However, some scholars question the uncritical “interchangeability” of the terms. According to critics, equating the two is a mistake for at least a couple of reasons. On the one hand, studying race via skin color is to pay attention to only one of the many markers in the phenomenon of race (Monk, 2021: 80). On the other hand, because of the potential interdependence of the elements within the racial schema, “skin color” is difficult to measure and, often, researchers are not investigating what they think they are (Monk, 2016: 415).
Addressing these questions, recent studies have started to test the assumptions and examine whether skin color is indeed the best predictor for racial identification (Monk, 2016; Telles and Paschel, 2014). In Mexico, the most notable example –if not the only one– is the Project on Ethnoracial Discrimination (PRODER), a large-n sample survey that explores the interaction between different racial identifications (i.e., race, ethnic group) and skin color measurements with socioeconomic outcomes. The differentiated findings among various modes to account for racial and skin tone identification, reveal that the Mexican racial schema is more complex than what the “interchangeability” assumption suggests.
These findings raise the question: what are the particular configurations and dynamics of the Mexican racial schema? This issue is especially relevant given the recent increase on the number of studies using “objective” or “independent” skin tone measurements (i.e., classification algorithms and colorimeters) to analyse various aspects of social life, such as sociological outcomes, electoral success and political representation (Campos-Vazquez and Rivas-Herrera, 2021; Dixon and Telles, 2017; Rejón, 2024; Rejón Piña and Ma, 2023).
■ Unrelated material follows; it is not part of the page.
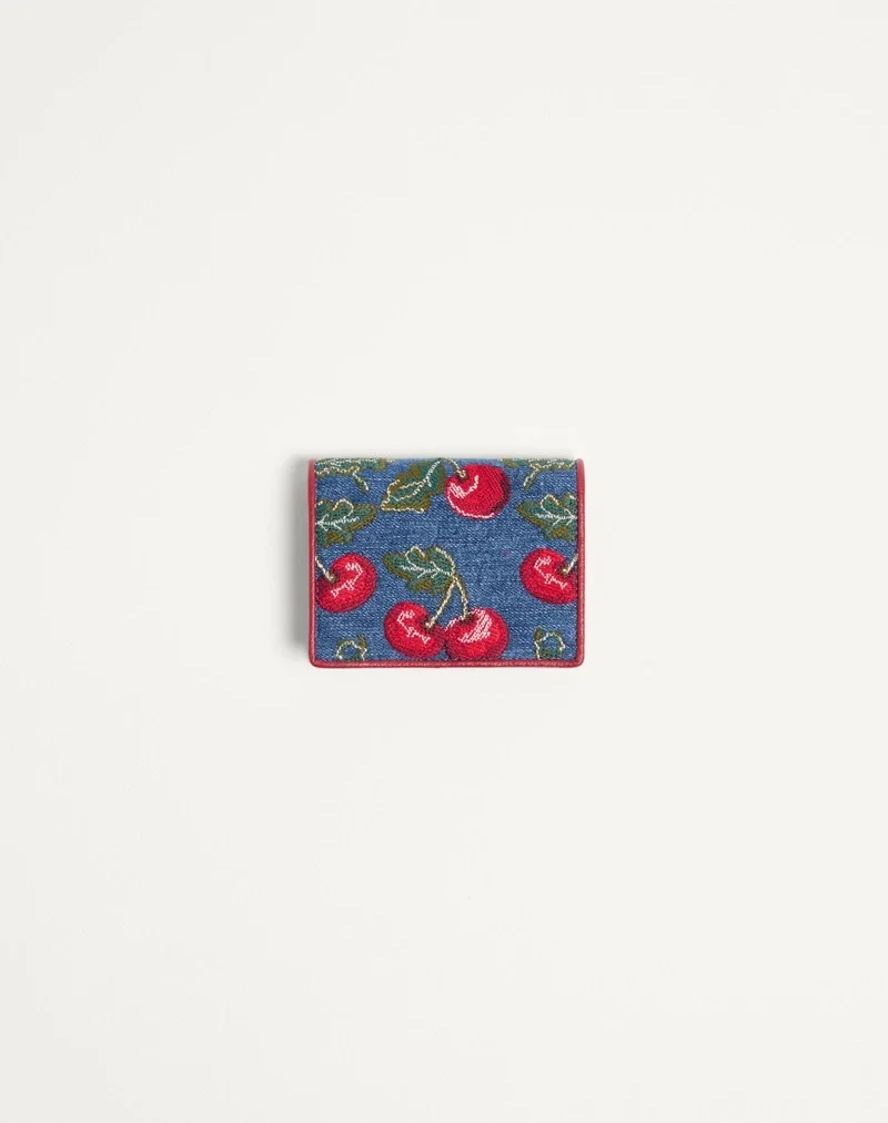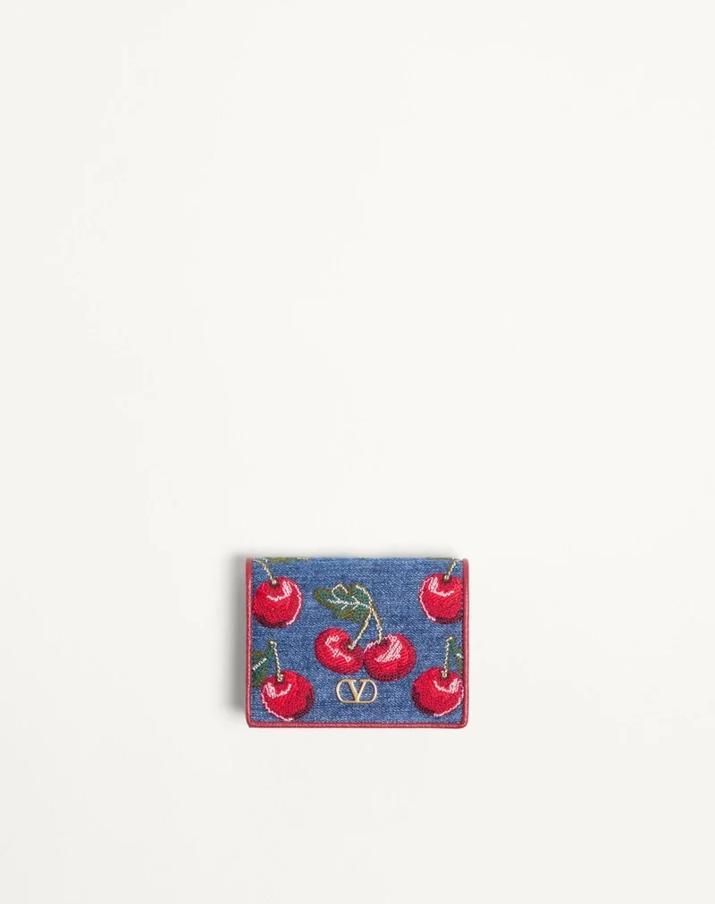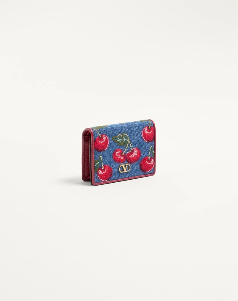 Valentino Garavani VLogo Signature wallet in denim with Cherryfic embroidery enhanced with leather trim.
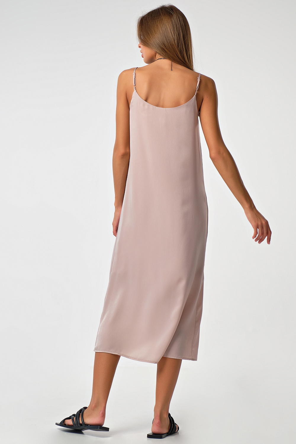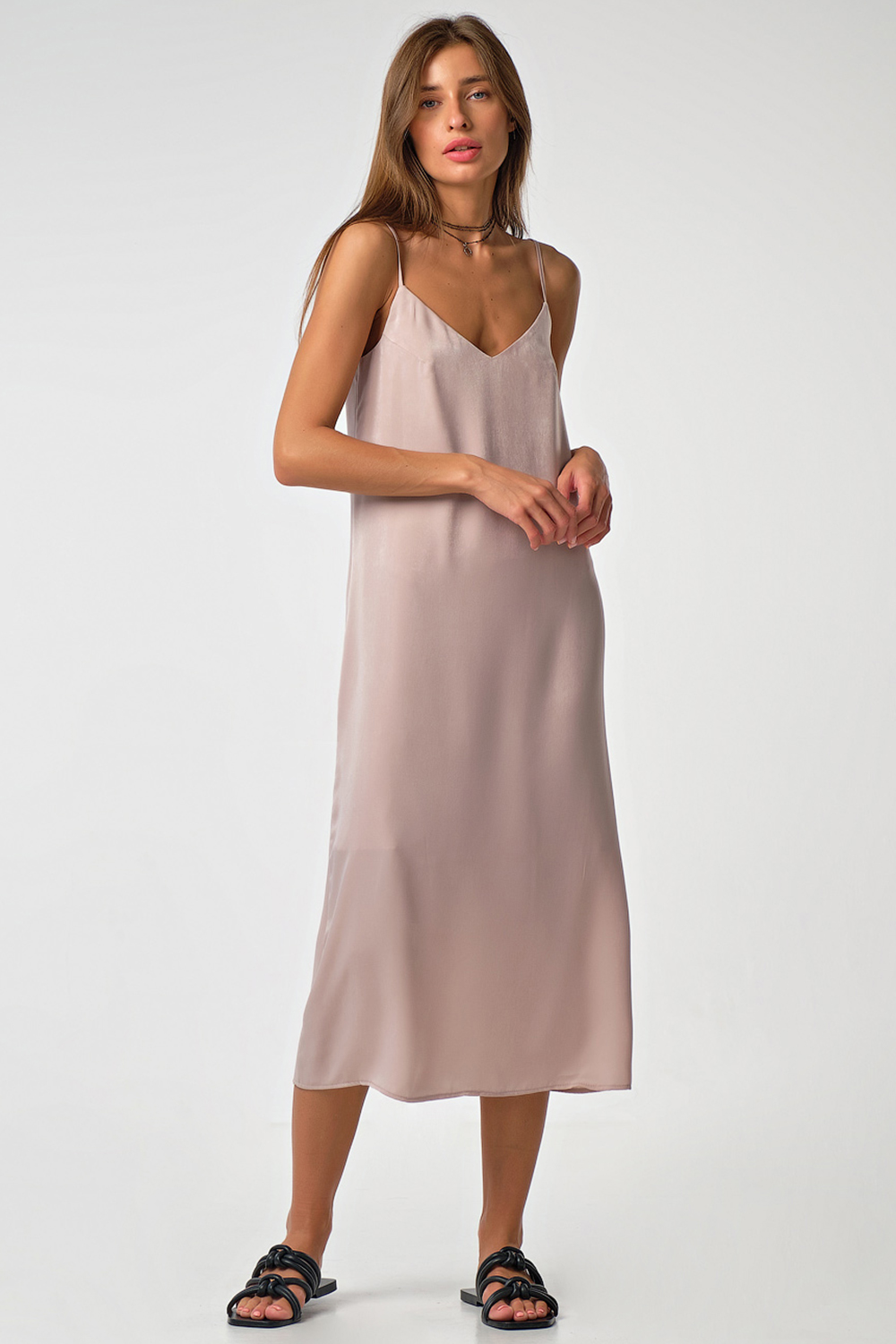 Особенности: Платье-комбинация прямого силуэта из тонкой шелковистой ткани на подкладке. Детали: V-образный вырез, тонкие бретели с регуляторами длины.

The extent to which these tools are appropriate and helpful “replacements” for human-coding hinges on their capacity to approximate to the results of a human discrimination process that comprises so much more than a simple assessment of skin tone. If the independent skin tone measurements of these tools diverge significantly from the “skin tone” humans identify influenced by other factors in the racial schema, then the machine-coded variables are less appropriate methods for anti-racist research, as they fail to sufficiently approximate the “skin tone” detected in actual human interaction. On the contrary, if the assessments between algorithms and humans are similar, then the validity of these –still imperfect, but helpful– tools to approach the study of colorism and racism is confirmed.
To shed light into applicability of these tools in relation to the configuration and functioning of the Mexican racial schema, this article examines one sample from two different “skin color” angles: one that independently measures skin tone and one in which humans subjectively assess complexion. Methodologically isolating skin color from other social cues (via an automated algorithm) and comparing this measure with one susceptible to other (admittedly not all) biases (human-coding), helps reveal the extent to which these automated tools are a helpful and appropriate method to facilitate social research in this topic.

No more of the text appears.